= George Skene Keith =

Scottish minister and writer (1752–1823)

George Skene Keith (6 November 1752 – 7 March 1823) was a Scottish minister and versatile writer.

==Life==
The Keiths of Aquhorsk descended from Alexander Keith, third son of William Keith, 2nd Earl Marischal. The eldest son of James Keith, he was born in the Old House of Aquhorsk in Marr, near Aberdeen, on 6 November 1752. He took his degree from Marischal College and the University of Aberdeen in 1770, was licensed by the presbytery of Aberdeen on 14 July 1774.

Keith was presented by the commissioners for George Keith, 10th Earl Marischal, 9 May 1776, to the living of Keith-Hall and Kinkell, Caskieben, Aberdeen. A legal difficulty arose when, the following day, the Earl Marischal himself, then resident in Potsdam, gave a presentation to Thomas Tait, minister of Old Machar. After legal proceedings in the church courts and the court of session, the case was finally decided in Keith's favour by the House of Lords in April 1778 and he was ordained to the living on 14 May 1778. He received the degree of D.D. from Marischal College in May 1803. He was translated from Keith-Hall to Tulliallan, Perthshire, by George Keith Elphinstone, Viscount Keith, and admitted on 18 July 1822.

Keith was an active minister who cultivated his glebe to support his family. He died at Tulliallan House on 7 March 1823, aged 70, and was buried in the churchyard of Keith-Hall, his old parish. A tablet of white marble was erected to his memory by Aberdeenshire gentry.

==Works==
Keith's major work was General View of the Agriculture of Aberdeenshire, London, 1811, for the Board of Agriculture surveys. In an appendix are Observations on British Grasses, and a Short Account of Two Journeys undertaken with a View to ascertain the Elevation of the principal Mountains in the Division of Marr. Other publications were:

- Sermons and Discourses on several Occasions, London, 1785.
- Tracts on Weights, Measures, and Coins, London, 1791.
- Tracts on the Reform of the British Constitution, Edinburgh, 1793.
- An Impartial and Comprehensive View of the Present State of Great Britain, London, 1797. A humorous appendix gives an allegorical representation of parts of the inquiry, as Sketches of the History of John Bull, Farmer and Manufacturer.
- Observations on the Sale of Corn by Weight, Aberdeen, 1797.
- Address … respecting Chapels of Ease, n.p. 1797 (anon.)
- Dissertation on the Excellence of the British Constitution (Blackwell prize dissertation), Aberdeen, 1800.
- Particular Examination of the new French Constitution, Aberdeen, 1801.
- Embarrassments affecting the Interests of Agriculture, Aberdeen, 1823.

Keith wrote the account of Keith-Hall and Kinkell for Sir John Sinclair's Statistical Account of Scotland (1791).
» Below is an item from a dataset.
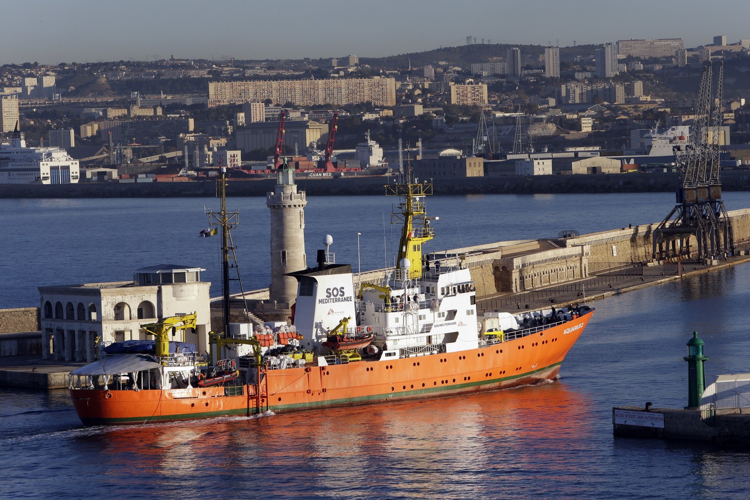 Das Seenotrettungsschiff «Aquarius» fährt am Donnerstag in den Hafen von Marseille ein.

He edited the Lectures on Ecclesiastical History by his friend George Campbell, with a memoir (1800). He published also sermons and addresses.

===Weights and measures===
Keith investigated methods for equalising weights and measures, and supported the adoption of the seconds pendulum as a standard. His plan was put before a committee of parliament in January 1790 by Sir John Riggs Miller, who intended to bring in a bill on the subject; but the dissolution of parliament intervened. Sir Joseph Banks praised Keith's pamphlet Synopsis of a System of Equalization of Weights and Measures of Great Britain 1791. In 1817 Keith published Different Methods of establishing an Uniformity of Weights and Measures, London.

===Malt tax===
In 1798 Keith gave evidence before the Scottish distillery committee of the House of Commons on the malt tax, an excise duty. In 1799, at the request of the committee and of the Scottish board of excise, he made a series of experiments in distillation; his results were printed in the appendix to the committee's report, 1798–9. He made further experiments in 1802–3 for the commissioners of excise in Scotland.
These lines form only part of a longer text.